Wednesday, December 16, 2009

Madison Dearborn Partners

The Madison Dearborn Partners is a private equity firm founded in 1992. Based in Chicago, Illinois, the firm offers specialized services that are relevant in the leveraged buyout of either privately held or publicly traded companies, as well as subsidiaries of a larger company, recapitalizations of closely held or family owned companies, acquisition financings, restructuring of balance sheets, and growth capital investments in highly developed companies.

Previously, the founders of the firm completed private equity investments for the First Chicago Bank. The firm’s chairman, John Canning, Jr., also holds a position as a minority owner of the Milwaukee Brewers baseball team.

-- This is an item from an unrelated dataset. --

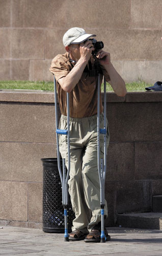 5. Ну, а если все таки пришлось снимать на пределе, то риск шевеленки можно таки снизить правильным обхватом камеры, это когда левая рука снизу поддерживает объектив, выполняя роль некоего монопода. Правая рука прочно держит камеру за ухват под кнопкой спуска и обе руки локтями прижаты к туловищу. Кстати, по такому обхвату я обычно сужу о степени фотографической зрелости человека с этим самым фотоаппаратом. Так же рекомендуется выпрямить и слегка расставить ноги, телу придать компактную позу (т.е. все также не растопыривать локти) и по возможности прислонится плечом к твердой поверхности (стена/скала/дерево, поддатый друг не пойдет). Можно попробовать найти опору для локтей (периллы, забор) или при съемки с нижнего ракурса лечь животом на землю и также упереться в неё локтями. Еще один совет от американского фотографа Рона Резника: удерживая камеру правой рукой, поместите её на сгиб выставленного вперед локтя левой руки и возьмите руки в «замок». При съемке выше приведенными способами, рекомендую делать серии по 3-4 кадра, покрайнемере один получится резче остальных.

Headed by a group of prominent visionaries, the Madison Dearborn Partners teamed up with Michael Eisner’s Tormante investment company on 2007 in order to purchase the baseball card maker Topps Company. For two consecutive years, the firm successfully completed a bunch of publicly traded companies including CDW, LA Fitness, Asurion, Nuveen Investments, Univision Communications, VWR International, Sorenson Communications, and the Yankee Candle.

On June 30 of the same year, the Bell Canada Enterprises (or the BCE) announced that the company entered into a definitive agreement that allowed Bell Canada Enterprises to be purchased with adherence to a certain plan of arrangement made by an investor group headed by the Ontario Teachers’ Pension Plan’s private investment arm, the Teachers Private Capital, as well as the Providence Equity Partners Inc., and the Madison Dearborn Partners. The all-cash transaction was valued at a total of C$51.7 billion, or US$48.5 billion, with the inclusion of C$16.9 billion worth of preferred equity, debt, as well as minority interests. The agreement was then approved on September of 2007 during a special meeting attended by a group of shareholders. The agreement was decided upon by more than 97% of the total votes casted by the holders of preferred and common shares.